What would have been the environmental cause of the longer neck, and then the cause of the selective breeding within the parent species?

And, if we can do that, why haven't we taken a sponge and exposed it to many different environmental effects to come up with both plants and animals (land type each) from this ocean based life that is the supposed mother of us all, to prove evolution correct once and for all?

the obvious answer is that food became harder to reach through environmental constraints meaning that tall or longer necked animals more easily fed and therefore were more likely to reproduce. shorter animals couldn't reach the food and reproduced less.

Natural secetion......
 

tommyjones

New Member
Getting back to the question I asked that turnin or whatshisnameis guy and his answer to me (in quotes):

where the abundance of transitional species are,


Please post these 'transitional species' that are in Museums and Biology textbooks...name them.

Still in the ground? If evolution was true, these 'links' should be plentiful. Paleontologtists have been digging for YEARS AND YEARS AND YEARS AND YEARS all over this planet and have found nothing.

If evolution were true, WHY don't we see all manners of living transitional kinds? Why do we still have monkeys?

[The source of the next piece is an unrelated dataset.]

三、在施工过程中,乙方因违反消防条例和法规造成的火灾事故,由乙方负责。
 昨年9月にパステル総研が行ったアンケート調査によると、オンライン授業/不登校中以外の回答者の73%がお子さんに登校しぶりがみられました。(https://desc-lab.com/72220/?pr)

i will say it one more time for you.....

we have a common ancestor, we did not evolve directly today's monkeys. We both brached off in the same tree.
 

baydoll

New Member
so the giraffe grew the long neck because some individuals had slightly longer necks, this helped that individual reproduce (probably by being better fed) and this individuals change was passed on to its offspring. a few hundred or thousand generations later and they don't look like the same animal anymore

One of Darwin's ideas were that during a long drought, some imaginary 'pre-giraffe' were taller than others so they were able to reach the scarce leaves upon which it fed. These 'survivors' supposedly "left offsprings inheriting the same bodily pecularities, while individuals less favored in the same respects would have been the most likely to perish" (Darwin's Origin of Species). Darwin concluded, "by this process long continued, an ordinary hoofed guadruped might be converted into a giraffe".

Well how the heck did the baby giraffes manage to survive during this incredible long drought?

And where are the fossil evidence supporting this?

There are none. Giraffes have always been giraffes. Long necks and all.